Ainda de acordo com a autora, com formação da pólis grega, surgiam duas linguagens: “a linguagem poética, inspiração das Musas, que falam por meio do poeta”; e a linguagem retórica, “em que o homem fala por si, pessoal por definição” (NEVES, 2005, p.25).

Nesse contexto, como parte da filosofia, surge a reflexão sobre a linguagem na Grécia, no século V a.C. Por pertencer à filosofia, a reflexão era uma parte da indagação geral sobre a natureza do mundo e das instituições sociais (LYONS, 1979).

Inicialmente, havia uma discussão entre naturalistas e convencionistas sobre se a língua era natureza ou convenção, ou seja, se tinha sua origem em princípios imutáveis ou se era resultado do costume e da convenção, um “contrato social”. Essa discussão entre natureza e convenção se concentrava na questão de haver ou não relação entre significado e forma das palavras.
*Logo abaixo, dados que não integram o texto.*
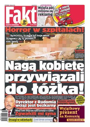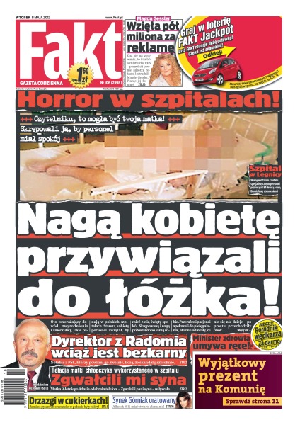 Horror w szpitalach – nagą kobietę przywiązali do łóżka, skrępowali ją by personel miał spokój; dyrektor z Radomia wciąż jest bezkarny; „Zgwałcili mi syna” – relacja matki chłopczyka wykorzystanego w szpitalu; Magda Gessler wzięła pół miliona za reklamę; minister zdrowia umywa ręce; synek Edyty Górniak uratowany – Allanek miał otwarte złamanie; drzazgi w cukierkach – zamiast pysznych orzeszków w polewie były wióry; Rosjanie wykradli sekrety z telefonu prezydenta – najważniejsze telefony w państwie, służbowe SMS-y – to było w telefonie Lecha Kaczyńskiego; majówka pani premierowej – kosi trawę aż furczy; zabił kochankę z internetu, bo okazała się mężczyzną.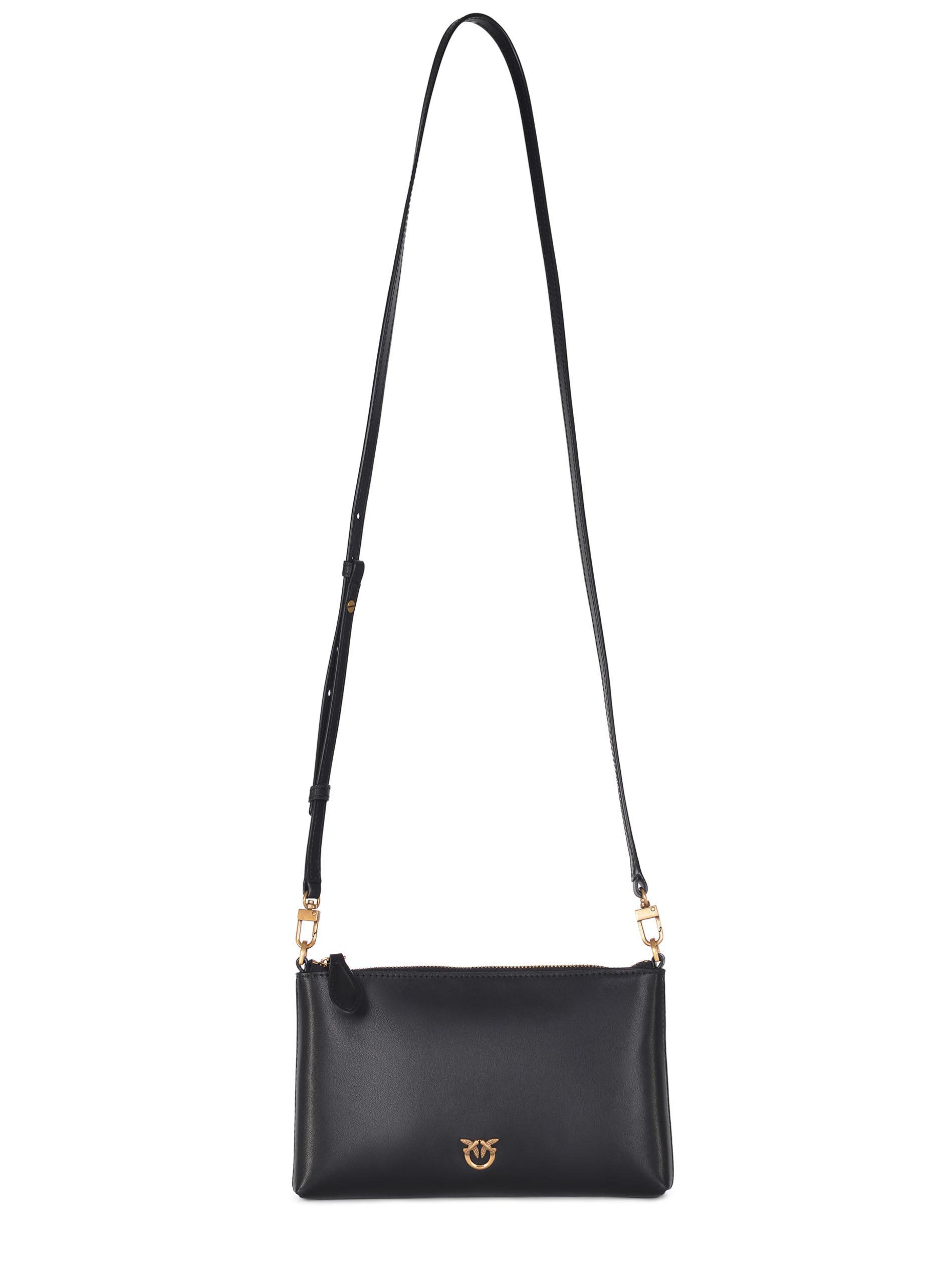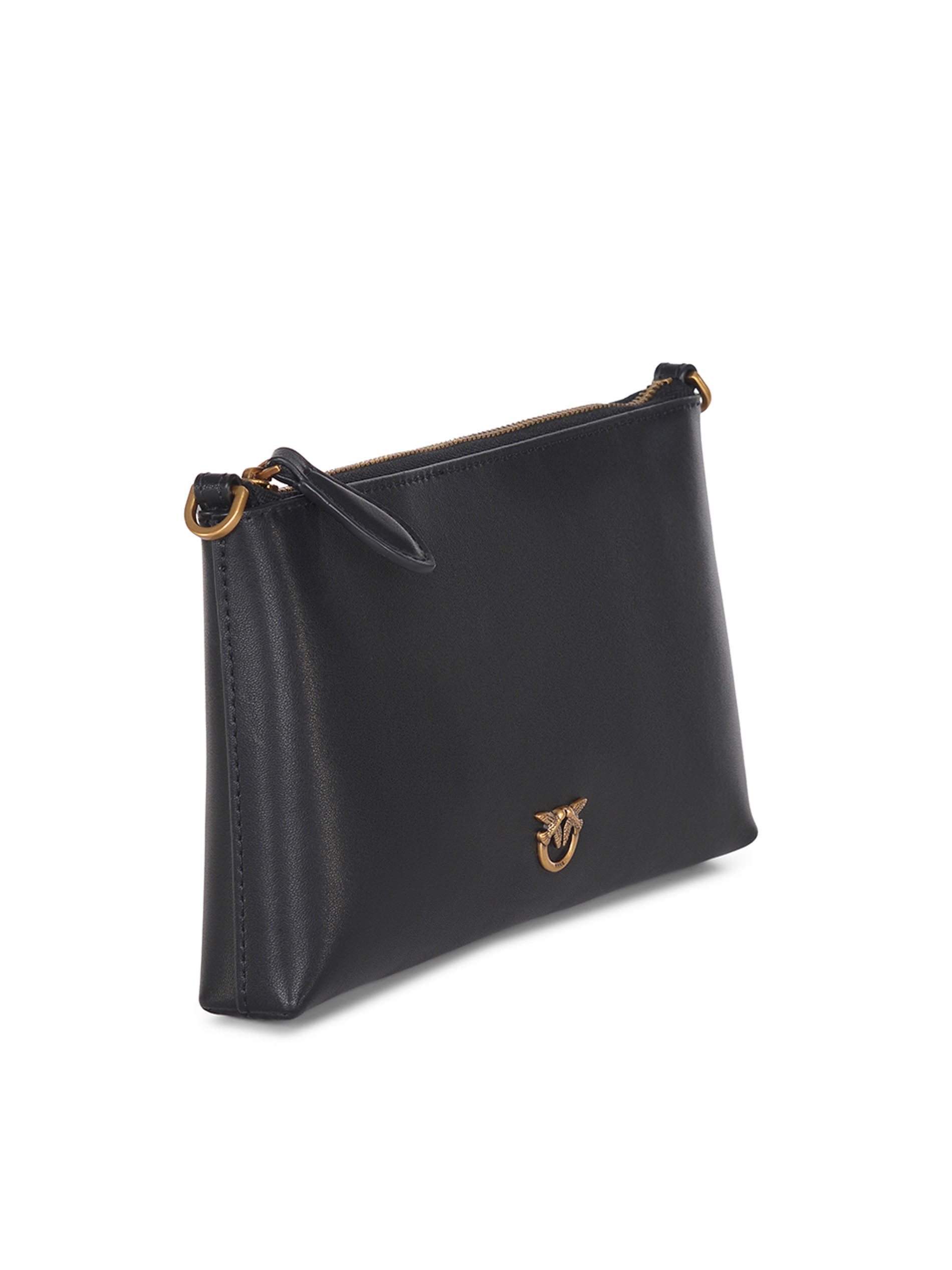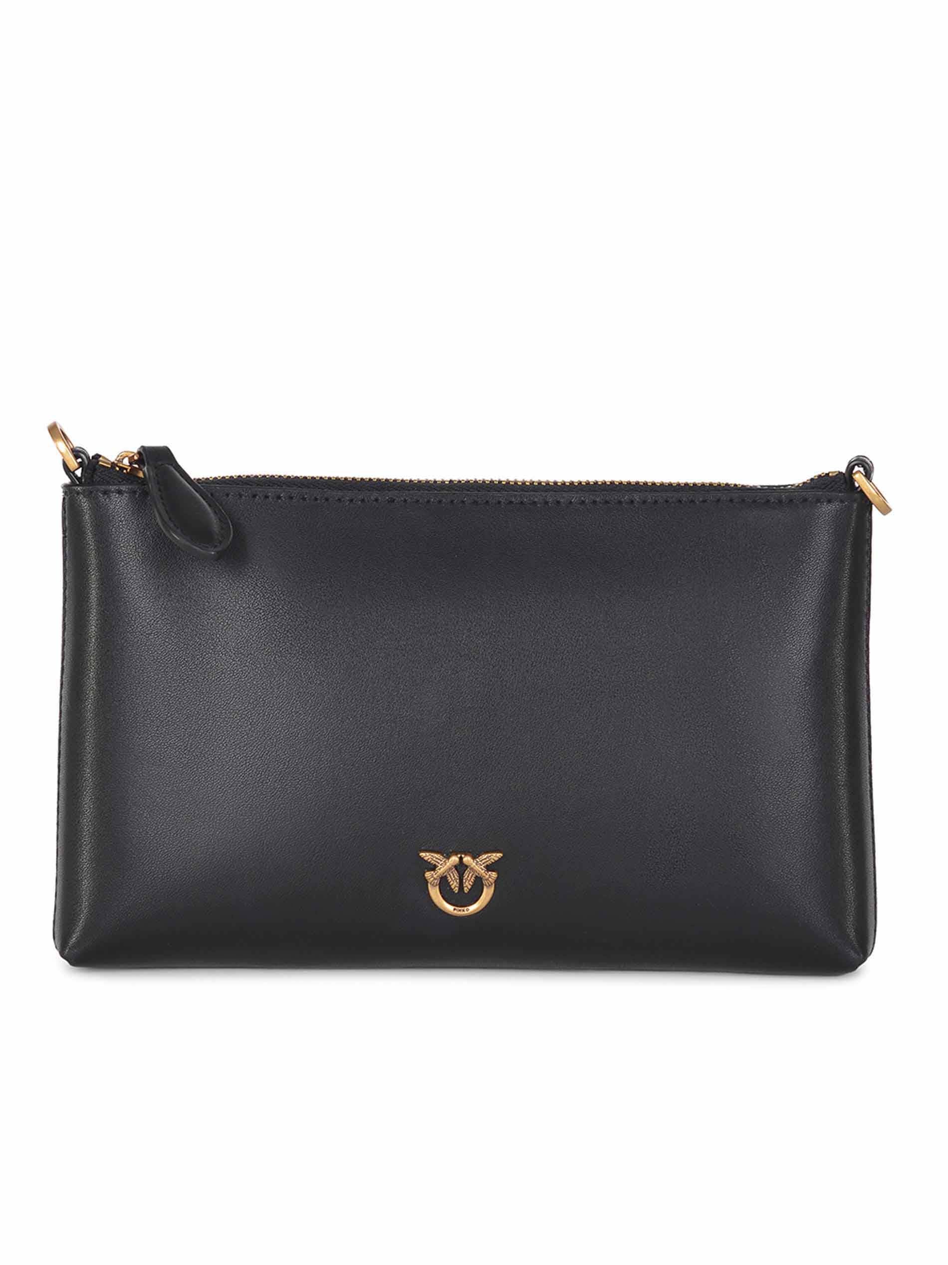 Pinko 'Flat horizontale' tas gemaakt van zwart leer. Ritssluiting. Love Birds Logo in Gold Metal. Interne zak met ritssluiting. Kleine interne kaarthouderzak. Verwijderbare en verstelbare kettingriem. Geborduurd Love Birds -logo op de achterkant. Lengte 20 cm hoogte 12 cm breed 2 cm 100% leer.

Para os naturalistas, descobrir a etimologia (etymo-,

em grego, significa “verdadeiro”, “real”) da palavra era revelar “uma das verdades da natureza” (LYONS, 1979, p.4), nesse sentido, a forma teria relação com o significado do que designa. Essa problemática, discutida por naturalistas e convencionistas, originou a investigação etimológica e inclui a gramática na indagação filosófica geral.

A partir do séc. II a.C., a questão entre os que estudavam a língua era até que ponto a língua é regular. Os que defendiam a regularidade sistemática são chamados de analogistas, e os que a refutavam são chamados de anomalistas. Estes últimos defendiam que se devia dar atenção ao uso, pois a língua não era completamente suscetível de descrição sob ponto de vista analógico de formação. Os analogistas, por sua vez, tentariam corrigir qualquer anomalia encontrada. No entanto, essa questão é mais complexa do que aparenta, pois também havia o problema de se pensar o que é regularidade e irregularidade na língua. Dessa forma, mais importante do que chegar a uma conclusão, a discussão entre anomalistas e analogistas contribuiu para a sistematização da gramática.
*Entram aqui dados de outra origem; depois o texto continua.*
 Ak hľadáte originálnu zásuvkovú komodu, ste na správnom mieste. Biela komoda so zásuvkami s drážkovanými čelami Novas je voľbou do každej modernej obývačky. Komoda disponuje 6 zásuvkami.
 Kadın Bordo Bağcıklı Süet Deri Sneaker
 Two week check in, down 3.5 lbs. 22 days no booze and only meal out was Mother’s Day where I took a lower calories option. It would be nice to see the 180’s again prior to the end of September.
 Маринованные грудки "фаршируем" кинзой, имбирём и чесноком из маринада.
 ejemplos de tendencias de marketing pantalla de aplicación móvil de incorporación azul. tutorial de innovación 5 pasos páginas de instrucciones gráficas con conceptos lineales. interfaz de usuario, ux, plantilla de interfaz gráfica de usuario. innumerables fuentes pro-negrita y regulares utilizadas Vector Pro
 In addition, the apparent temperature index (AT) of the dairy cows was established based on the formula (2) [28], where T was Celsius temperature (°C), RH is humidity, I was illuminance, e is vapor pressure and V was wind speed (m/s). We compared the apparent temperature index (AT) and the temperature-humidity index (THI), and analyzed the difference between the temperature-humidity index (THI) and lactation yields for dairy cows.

A partir dos estudos sobre etimologia, os estoicos, geralmente chamados anomalistas, assentaram os fundamentos da gramática tradicional, fundamentos utilizados pelos analogistas alexandrinos. Enquanto os estoicos se preocupavam com o problema da origem da linguagem, pela lógica e pela retórica, os alexandrinos se interessavam pela crítica literária.
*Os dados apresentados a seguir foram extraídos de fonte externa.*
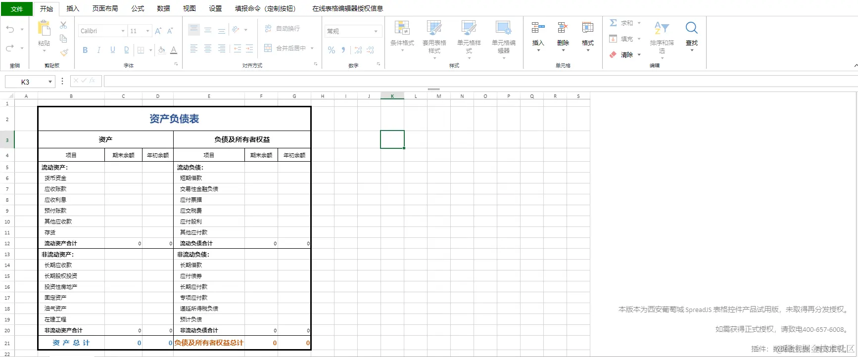 第一步(快速构建表格应用)中小编使用SpreadJS设计器创建了一个资产负债表,下面介绍如何在资产负债表中增加一个柱形图来美化图表: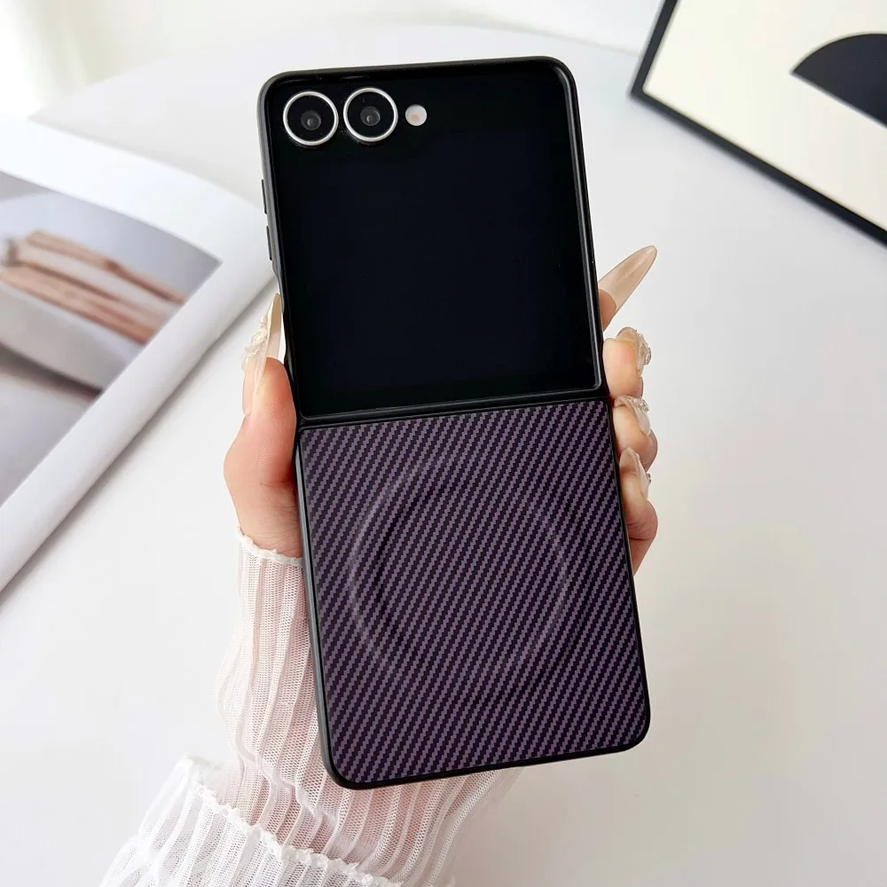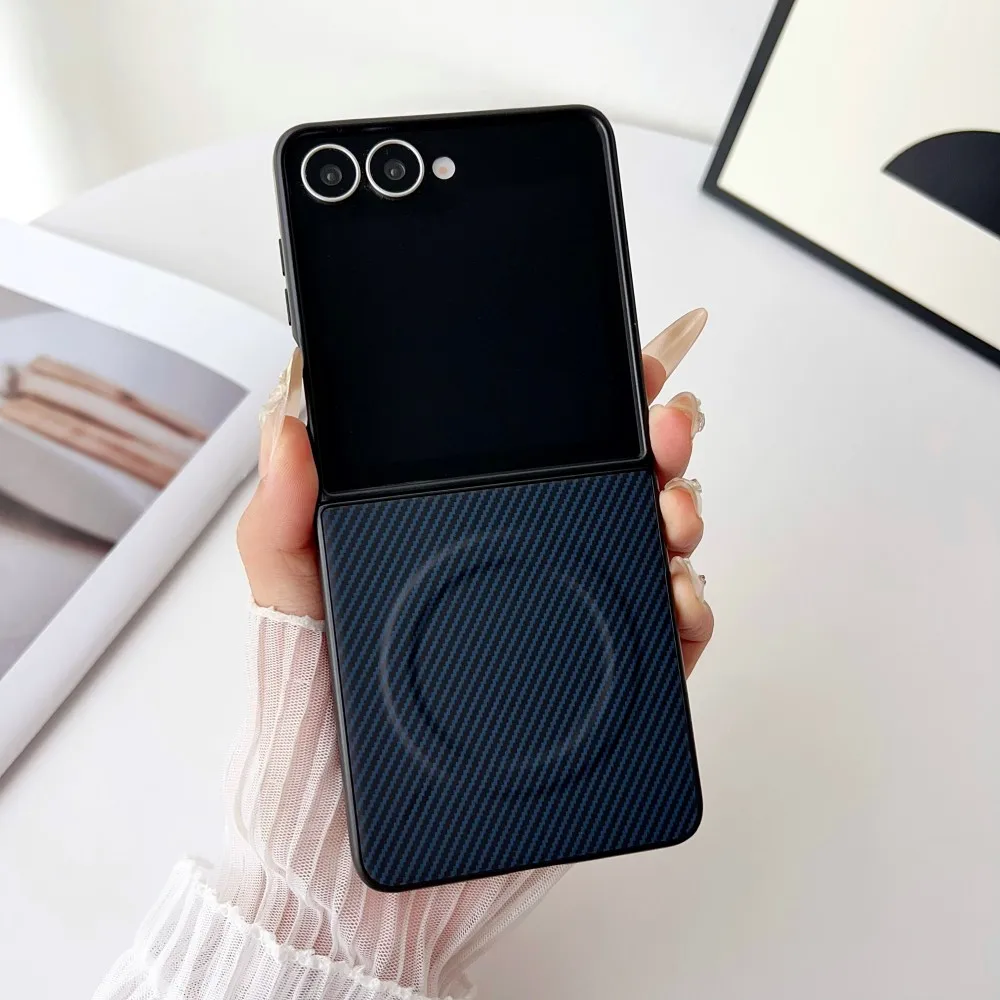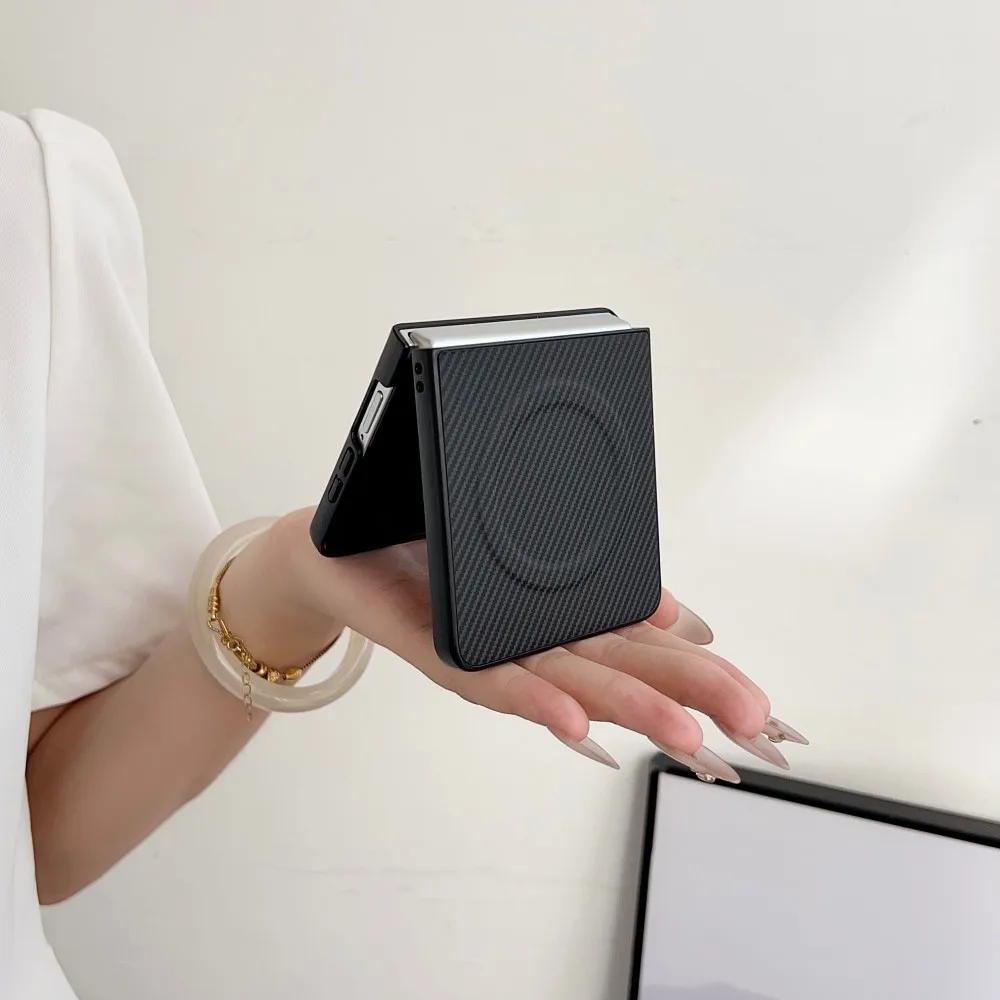 Para Samsung Galaxy Z Flip 7 funda dura de silicona de fibra de carbono magnética a prueba de golpes funda protectora trasera para Z Flip 7 6 5 4 3

O período alexandrino foi de extrema importância para o desenvolvimento da gramática. Alexandria se tornou centro de intensa pesquisa literária e linguística com o estabelecimento da biblioteca de Alexandria em III a. C. Como os manuscritos dos autores antigos estavam muito danificados, os filólogos alexandrinos dos séc. III e II a.C. tentaram restaurar e separar os trabalhos. Por ser a língua falada bem diferente da língua dos textos clássicos, eles então aderiram à prática de publicar comentários de textos e gramáticas para minimizar dificuldades que os leitores poderiam encontrar ao ler tais textos. Ficou então a impressão de que a língua que aparecia nos clássicos era mais correta do que a língua falada em Alexandria e em outros centros helênicos na época. Assim, essas gramáticas tinham duas finalidades: explicar a língua dos autores clássicos e preservar o grego da “corrupção”.

De acordo com Lyons (1979, p.9), essa abordagem alexandrina apresentava dois erros fatais de concepção: “o primeiro dizia respeito à relação entre língua escrita e

falada, e o segundo, à maneira como a língua evolui”, e o autor diz que chamará aos dois erros de “erro clássico” no estudo da língua. Nessa abordagem clássica, havia predileção pela língua escrita, da qual a língua falada era derivada, o que explica o primeiro erro. O segundo consiste na suposição de que a língua do séc. V a. C. era mais correta do que a falada naquele momento, havendo a ideia de que os iletrados a corrompiam.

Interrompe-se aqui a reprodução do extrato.